TeXworks is free and open-source application software, available for Windows, Linux and macOS. It is a Qt-based graphical user interface to the TeX typesetting system and its LaTeX, ConTeXt, and XeTeX extensions. TeXworks is targeted at direct generation of PDF output. It has a built-in PDF viewer using the poppler library; the viewer has auto-refresh capability, and also features SyncTeX support (which allows the user to synchronize the PDF viewer position with the source, and vice versa with a single click).
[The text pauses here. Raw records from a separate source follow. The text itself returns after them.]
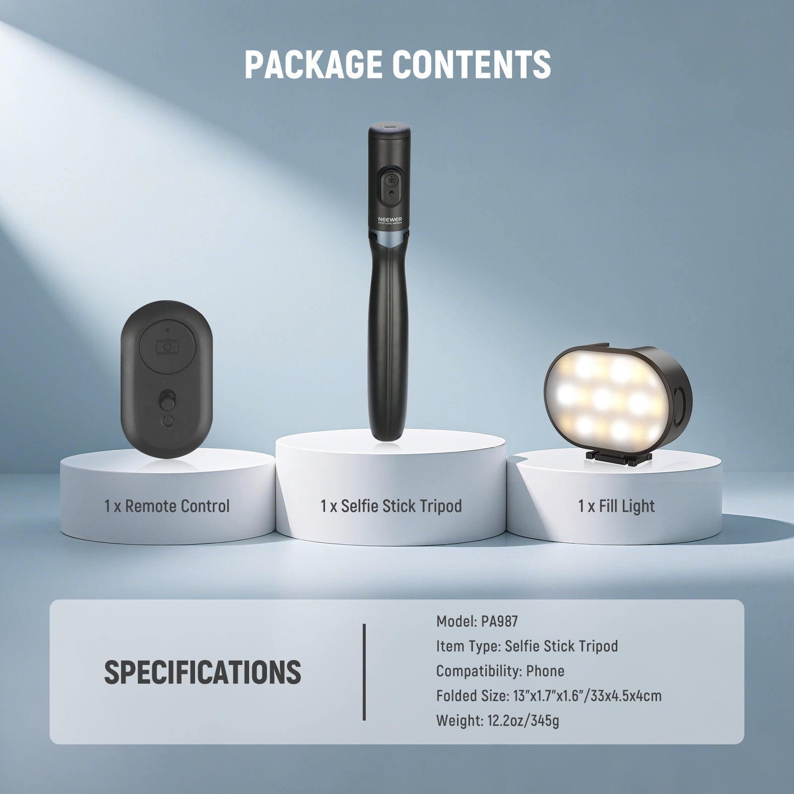 Product overview of the NEEWER PA987 Selfie Stick Tripod
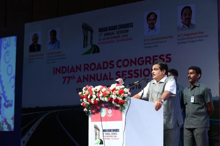 Union Minister Nitin Gadkari participated in 77th Indian Roads Congress held in Hitex grounds in Hyderabad on 17th December 2016.
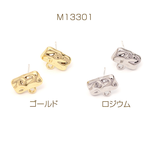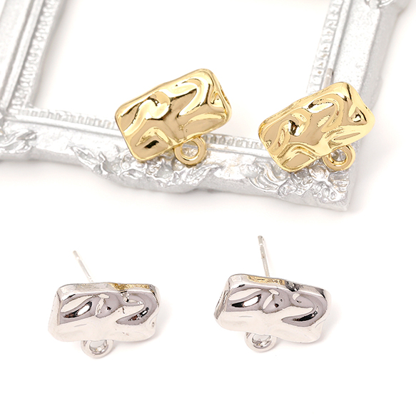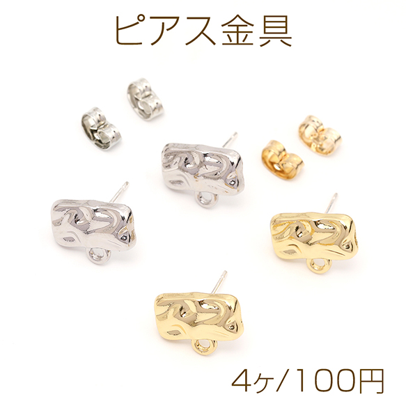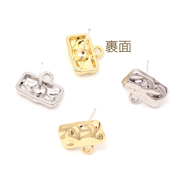 ピアス金具 デザインピアス 凹凸幾何学型 シルバーポスト 合金 ゴールド キャッチ付き 10×12mm (4ヶ)
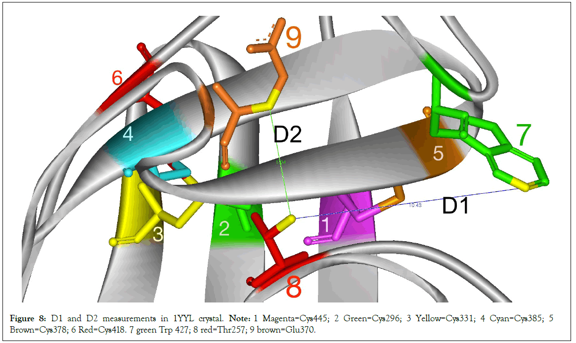 Figure 8: D1 and D2 measurements in 1YYL crystal. Note: 1 Magenta=Cys445; 2 Green=Cys296; 3 Yellow=Cys331; 4 Cyan=Cys385; 5 Brown=Cys378; 6 Red=Cys418. 7 green Trp 427; 8 red=Thr257; 9 brown=Glu370.
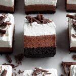 - Top the Bars: Spread the whipped cream topping evenly over the chilled filling using an offset spatula or spoon. Optionally, garnish with chocolate shavings or curls for an elegant finish.
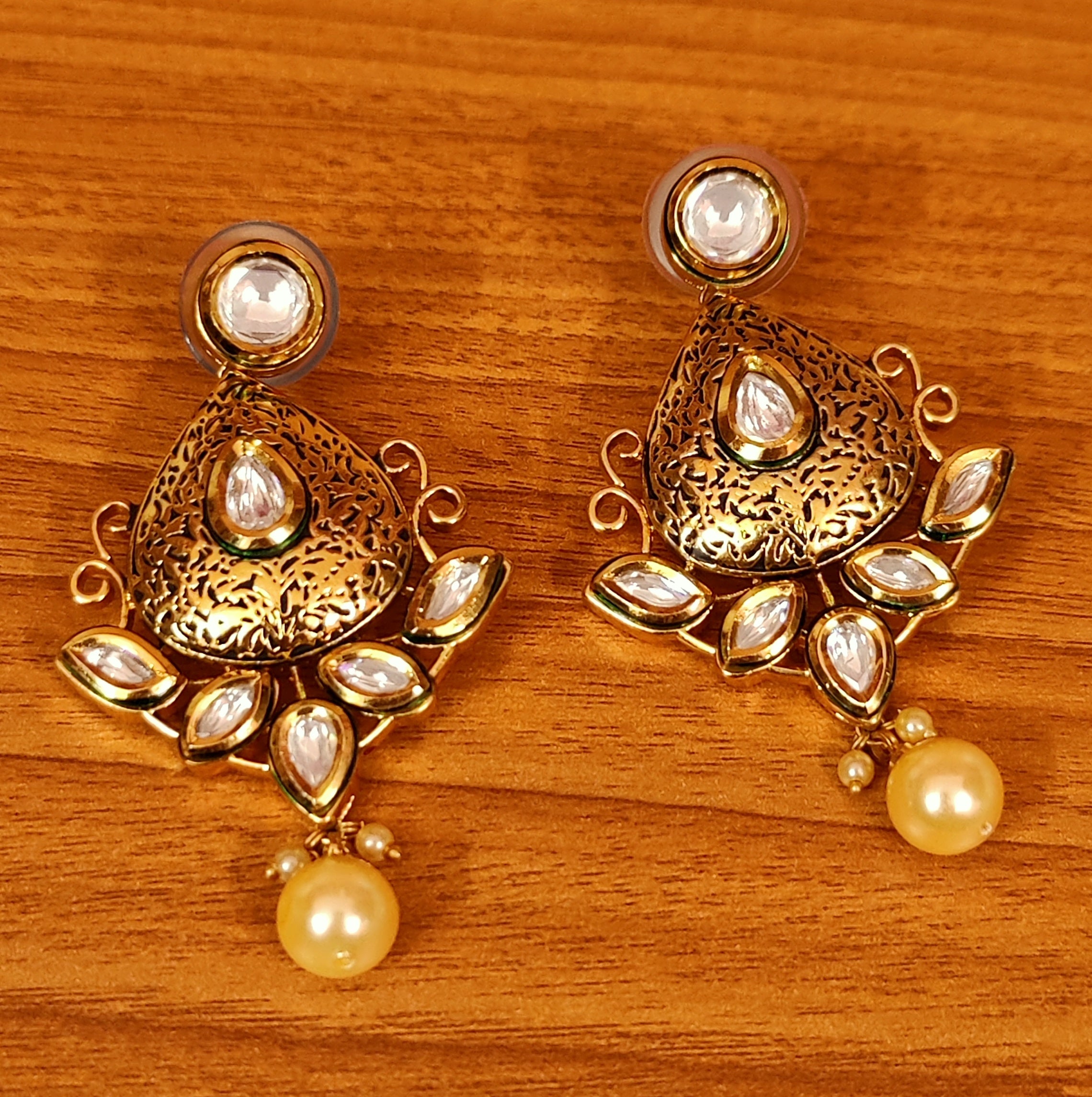 ANTIQUE KUNDAN POLKI GOLD LOOK EARRINGS
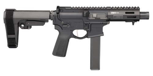 Semi-auto 9mm pistol with 5.5" barrel and 10+1 round capacity featuring a direct blowback system and SB Tactical SBA3 brace for enhanced stability. Includes full-length top Picatinny rail, SA 9mm Forward Blast Diverter, M-LOK free float handguard, and B5 Systems Type 23 P-Grip. Weighs 5 lbs 12 oz with overall length of 20"-22.5" depending on brace position.
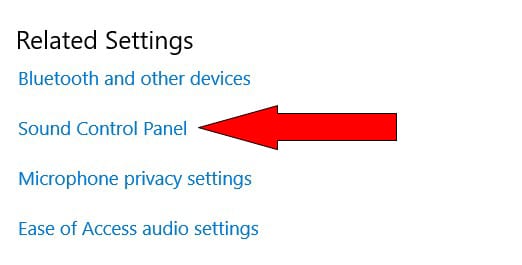 - This opens the Settings window with System page and Sound tab displayed. Scroll down to the Related Settings section and click Sound Control Panel.

The developer of TeXworks is Jonathan Kew (who also developed XeTeX), who deliberately modelled TeXworks on Richard Koch’s award-winning TeXShop software for macOS to lower the entry barrier to the TeX world for those using desktop operating systems other than macOS. Kew argued against complex user interfaces like that of TeXnicCenter or Kile, which he described as intimidating for new users.

TeXworks requires a TeX installation: TeX Live, MiKTeX, or MacTeX. MiKTeX 2.8 (and 2.9) comes bundled with TeXworks, even in the base installation.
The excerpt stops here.